[Supplied records — start]

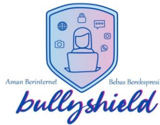
Gambar 16. Logo bullyshield (2024)
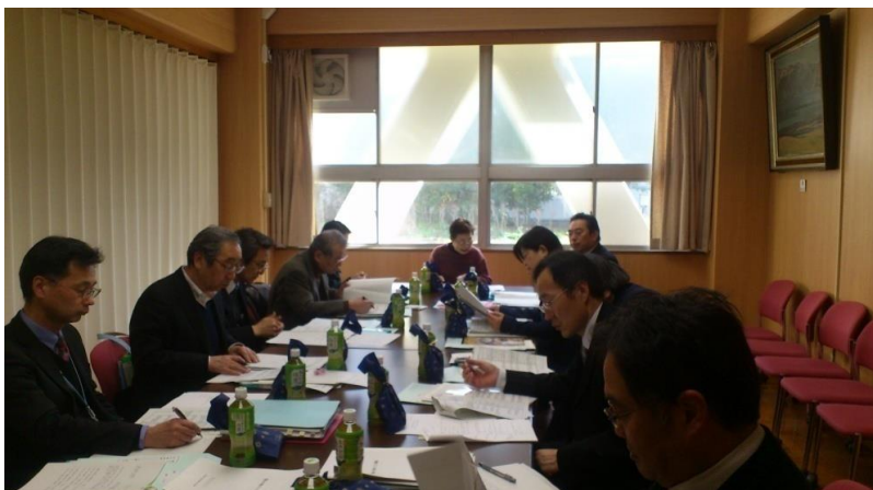
開かれた学校づくり委員会の様子

11月に実施した、学校評価アンケート(保護者、生徒、職員)等を用いてまとめた「自己評価」及び「改善方策」について、本校職員が説明を行いました。その後、委員の方から評価していただくとともに、生徒の様子について、生徒指導について、施設・設備について、中高一貫教育について、本校の在り方について等に関する御質問や御意見をいただきました。学校評価の結果は、後日本校ホームページに掲載します。
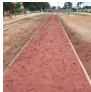
Reforma na Vila Olímpica de Rio Doce.
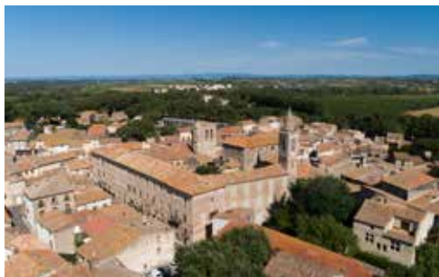
P.4. RÉVISION DU PLAN LOCAL D'URBANISME P. 4 : réunion publique de présentation du PADD
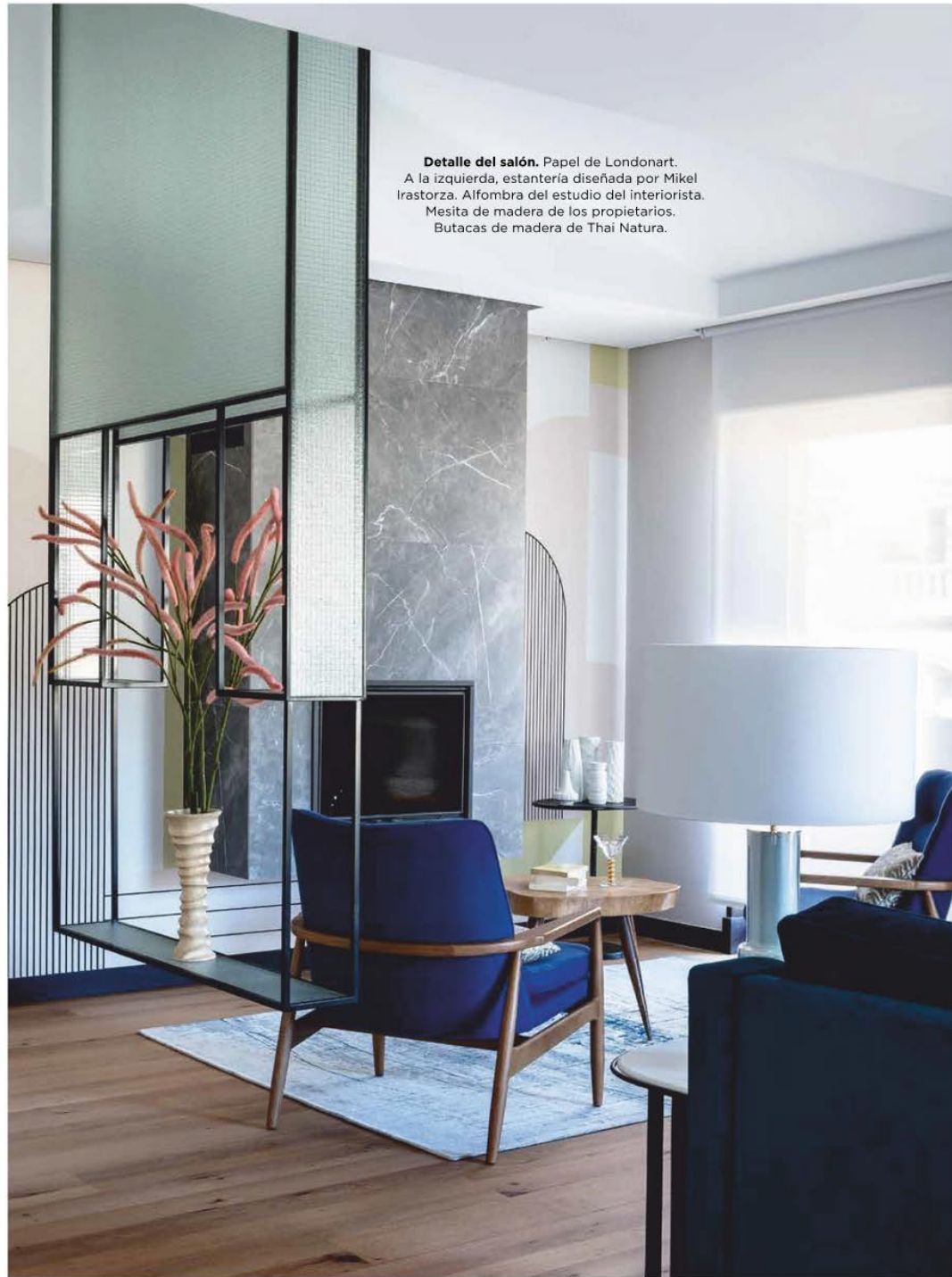
Detalle del salón. Papel de Londonart. A la izquierda, estantería diseñada por Mikel Irastorza. Alfombra del estudio del interiorista. Mesita de madera de los propietarios. Butacas de madera de Thai Natura.

[Supplied records — finish]

- [Problem details]:
Your answer must be the lines from the one holding "P.4. RÉVISION DU" through the final line of the records above, exactly as written and without any pictures.

- [Exercise output]:
P.4. RÉVISION DU PLAN LOCAL D'URBANISME P. 4 : réunion publique de présentation du PADD
Detalle del salón. Papel de Londonart. A la izquierda, estantería diseñada por Mikel Irastorza. Alfombra del estudio del interiorista. Mesita de madera de los propietarios. Butacas de madera de Thai Natura.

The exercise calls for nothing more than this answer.